Updating is also important as the sales pipeline constantly changes- leads move from stage to stage, drop out, or the deals get closed. Regular housekeeping will ensure it will stay manageable, leading to inefficiencies and lost sales.

The best way can be to administer the pipeline, keep things up to date on all leads, and maintain notes for all their stages. It's an extra effort, but it pays off.

5. Standardize the sales process

Although every customer is different, and the best approach for each is tailored according to their requirements, it can become inefficient over time, and reps might lose their edge in outbound sales techniques.

Standardizing the process sets a baseline for reps to follow beyond which they can create outreach routines. When you look closely, you'll also notice that your ICPs have many shared qualities and similarities, and their underlying need for your product would be more or less similar.

This is where standardizing makes it easier for the reps to stick to a winning script and improvise when needed. It's important to mention that some of the most well-performing sales teams also follow standardized processes.

6. Monitor performance metrics

To get an accurate read on your sales pipeline, you need to monitor critical sales metrics, which include items such as:

  • Total number of deals in the pipeline
  • How big the deals are on an average
  • Close ratio- average percentage of closed deals
  • Sales velocity- how long it takes before a deal is closed

Keeping tabs on these metrics every week gives you an insight into your performance and the health of the sales pipeline. Tracking these performance indicators also indicates how the changes you've implemented or strategies you have adopted are paying off.

7. Use the right sales tools and automate

The right sales tools and the number of tools in use can make all the difference in generating leads, maintaining cycle times, or closing deals. Sales tools can save copious amounts of time wasted on administrative tasks by the reps.

They can also generate leads, assign them to the right rep, follow up on conversations and send automated responses. 67% of respondents in a GetAccept survey admitted to using between 4 and 10 sales tools, and almost all (97%) use one tool.

If you're a small outfit, a simple Excel sheet will do to track most details in the pipeline. A medium-sized organization needs a CRM to store essential data and deliver automated help to the reps to ease the sales process.

8. Keep a short sales cycle

In contrast to B2C, B2B sales cycles can be quite long. The average sales cycle length for B2B companies is 102 days. There's a simple reason why it's good to reduce that number as small as possible.

The longer you let your prospects make up their mind, the more time they have to look for alternatives. If your leads often go cold or your closure rate is low, it could be the long sales cycle.

Consider reducing the number of days wherever possible, such as follow-ups, or give them an option requiring less decision time. There's always room to innovate here to shorten the sales cycle.

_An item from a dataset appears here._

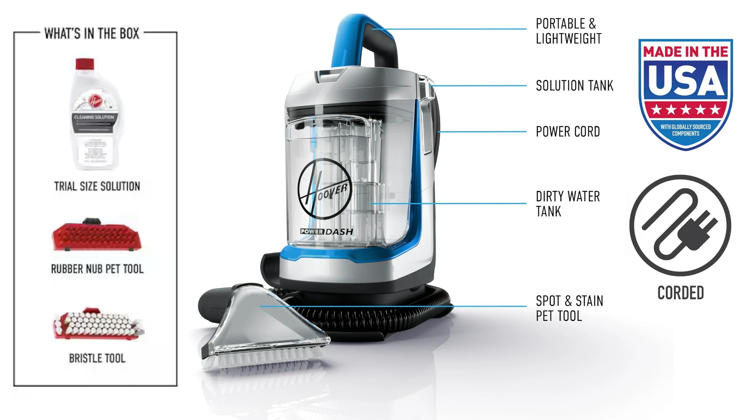 Combining 45% more suction power and versatile tools, the Hoover CleanSlate XL Upholstery & Carpet Spot Cleaner permanently removes stains and messes with powerful suction. Featuring a WidePath tool to quickly clean large areas, a TightSpot tool to reach into crevices and hard-to-reach places, and a Pet Tool to tackle tough pet messes, this spot & upholstery shampooer machine has the flexibility to clean mishaps of any kind. The XL 96-fluid-ounce tank capacity means fewer trips to the sink and more cleaning. With a light, portable design, it's perfect for removing spills and stains on the go. Plus, with the Hose Rinse tool, your machine stays clean and ready for the next mess. For more than 100 years, Hoover has designed powerful, easy-to-use products that clean your entire home from floor to ceiling. Since 1908, consumers and businesses have trusted Hoover to provide reliable, innovative cleaning solutions. Today, we offer a comprehensive line of products for general and special-purpose vacuuming, including full-size uprights and canisters, deep cleaners, and hard floor cleaners.

9. Align sales and marketing

According to research by Forrester, only 8% of B2B organizations have a strong alignment between their marketing and sales departments. The traditional way of operating is within silos- the marketing team captures leads and hands them over to sales, and the sales call or mail the prospects to close deals.

However, this system of brute prospecting and calling needs to improve as each department works independently of the other to run a deluge of leads through the system.

Aligning the two would mean marketing captures and sends the most qualified leads to the sales for further refinement. This reduces wasted time and effort for both departments as they focus on tips most likely to convert.

The upside is clear by the numbers- companies with well-aligned marketing and sales teams have 38% higher sales win rates and 36% higher customer retention rates.

10. Give documentation and training

The sales managers and reps need to have a strong grasp of the sales pipeline and how to use the tool optimally. Regardless of how long they've worked with it, good documentation covering the fundamentals can always help.

Regular training will keep their skill sharp and give them new ideas to try out and win more deals. A well-established documentation and training regiment, especially on a sales learning tool, can make it easier to onboard new reps and have them at product selling in no time. It can also keep everyone updated on what is new and how to improve.

How does sales pipeline management helps reps plan their work better?

As we've seen in the sections earlier, sales pipeline management has numerous advantages for the sales teams. Sales reps can optimize every aspect of their work based on the information obtained to sell better.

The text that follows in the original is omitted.